For fastboot to work, you have to have S-OFF and be in the bootloader (fastboot menu). Remember, Bootloader/fastboot is not the same as the recovery menu. Unlike adb, nothing happens if you have your phone booted normally, you have to be in the fastboot menu. Now go to http://koushikdutta.blurryfox.com/G1/ and download the right version (Linux of course). Extract the zipped file and rename it fastboot for ease of use. Cut and paste it into your android-sdk-linux/platform-tools folder from the above settings. Because you set your path above to be able to issue commands from both tools and platform-tools folders, you are done. I chose the platform-tools since Google has moved adb from the tools folder to this folder. I read somewhere that they by mistake omitted fastboot from the latest version of Androiod SDK.

***Now to test it, turn your phone off and boot into the bootloader manually (each phone has different combo keys for this) or fire up a terminal and type:



Code:


adb reboot-bootloader

now type:



Code:


fastboot devices

and see if your device and serial number is recognized.


----------



## cowsquad

nice thread man. I always use this tutorial every time I want to install SDK AND JAVA.
thank you very much


----------



## Marshall33

running linuxmint 12...after installing the sdk and running it when i get to the end of the platform downloads i get this error message: Stopping ADB server failed (code 1). Unable to run 'adb': Cannot run program "/home/benjamin/android-sdk-linux/platform-tools/adb": error=2, No such file or directory. Starting ADB server failed (code 1).

Help please?


----------



## cowsquad

Marshall33 said:


> running linuxmint 12...after installing the sdk and running it when i get to the end of the platform downloads i get this error message: Stopping ADB server failed (code 1). Unable to run 'adb': Cannot run program "/home/benjamin/android-sdk-linux/platform-tools/adb": error=2, No such file or directory. Starting ADB server failed (code 1).
> 
> Help please?


navigate to that folder and make sure adb is there

Sent from my Galaxy Nexus using Tapatalk 2


----------



## Marshall33

cowsquad said:


> navigate to that folder and make sure adb is there
> 
> Sent from my Galaxy Nexus using Tapatalk 2


what do i do if it is not there and why wouldnt it be there? am i doing something wrong downloading the sdk, extracting it to my home folder, running it and installing platforms?


----------



## cowsquad

Marshall33 said:


> what do i do if it is not there and why wouldn't it be there? am i doing something wrong downloading the sdk, extracting it to my home folder, running it and installing platforms?

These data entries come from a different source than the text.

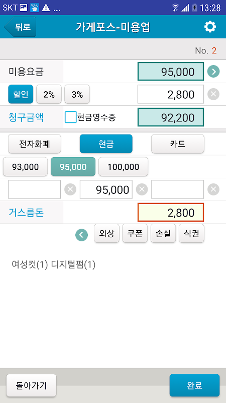 실물포스를 능가하는 모바일 포스 미용실 장부 세무 노무기능 추가요금상담기능 미용요금표 간단작성기능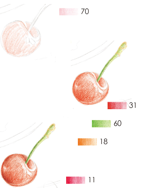 用60号草绿色和18号桔红色画出樱桃梗,最后用11号深红色画出樱桃的暗部即可。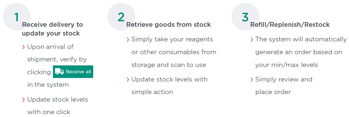 Let our inventory automation application sweat the details. The DxONE Inventory Manager software efficiently performs the essential, manual tasks of laboratory inventory management, leaving your skilled technologists with just three simple steps to keep your laboratory stocked and running efficiently.

did you fix your issue already. You should redownload the platform tools off of sdk.

Sent from my Galaxy Nexus using Tapatalk 2


----------



## cowsquad

cowsquad said:


> did you fix your issue already. You redownload the platform tools off of sdk.
> Go to terminal emulator and navigate to you tools folders then launch up the sdk and click on android SDK platform-tools, delete that and reinstall it.
> Sent from my Galaxy Nexus using Tapatalk 2


Sent from my Galaxy Nexus using Tapatalk 2


----------



## Marshall33

cowsquad said:


> Sent from my Galaxy Nexus using Tapatalk 2


 I'll give that a shot this evening...Hope I can figure it out!

Sent from my Galaxy Nexus using Tapatalk 2


----------



## Marshall33

cowsquad said:


> Sent from my Galaxy Nexus using Tapatalk 2


Everytime I try to load the SDK platform tools from the sdk manager I'm getting the same "Stopping ADB server failed (code 1)" error message...Any ideas on a fix? bout ready to try Ubuntu again...11.04 maybe?

Edit: got it to work after "sudo apt-get install ia32 libs" thanks for the help.


----------



## cowsquad

Marshall33 said:


> Everytime I try to load the SDK platform tools from the sdk manager I'm getting the same "Stopping ADB server failed (code 1)" error message...Any ideas on a fix? bout ready to try Ubuntu again...11.04 maybe?
> 
> Edit: got it to work after "sudo apt-get install ia32 libs" thanks for the help.


omg I totally forgot about that. That's how I fixed mine too. Thank you too

Sent from my Galaxy Nexus using Tapatalk 2


----------



## Mace_Bewley

Fixing to give this a try!


----------



## randyrkelly

Worked like a charm except i had to install Openjre

Linux Mint 13


----------



## mikeric

I got to step 5 fine, and it detects my galaxy nexus. I was trying to get it to work on my rooted kindle fire with firefirefire bootloader but it wont detect it. Anyone have any device? I wanted to get fastboot to work so I could dual boot.


----------



## Sws06

Ive been through a lot of guides on getting adb to work with ubuntu, most are over my head though. This worked flawlessly for me  , Thanks for the great guide. On top of getting adb working... I can just type adb in a terminal window now instead of cd'ing to the tools dir and typing the ./, so exciting! Once again, thank you!


----------



## ynk3

I keep getting this error:

:~/android-sdk-linux/platform-tools$ ./adb devices
bash: ./adb: No such file or directory

i have checked in the tools folder and there is adb.exe there.


----------



## DeadmanIncJS

everything works until i get to the point where i can do the "sudo gedit ~/ .bashrc" part. it doesn't work


----------



## Maverick39

I'm having a problem it keeps telling me the devices is offline (FA2BNS503723 offline).


----------



## sabret00the

ynk3 said:


> I keep getting this error:
> 
> :~/android-sdk-linux/platform-tools$ ./adb devices
> bash: ./adb: No such file or directory
> 
> i have checked in the tools folder and there is adb.exe there.


It seems both adb and fastboot need to marked as executables.


----------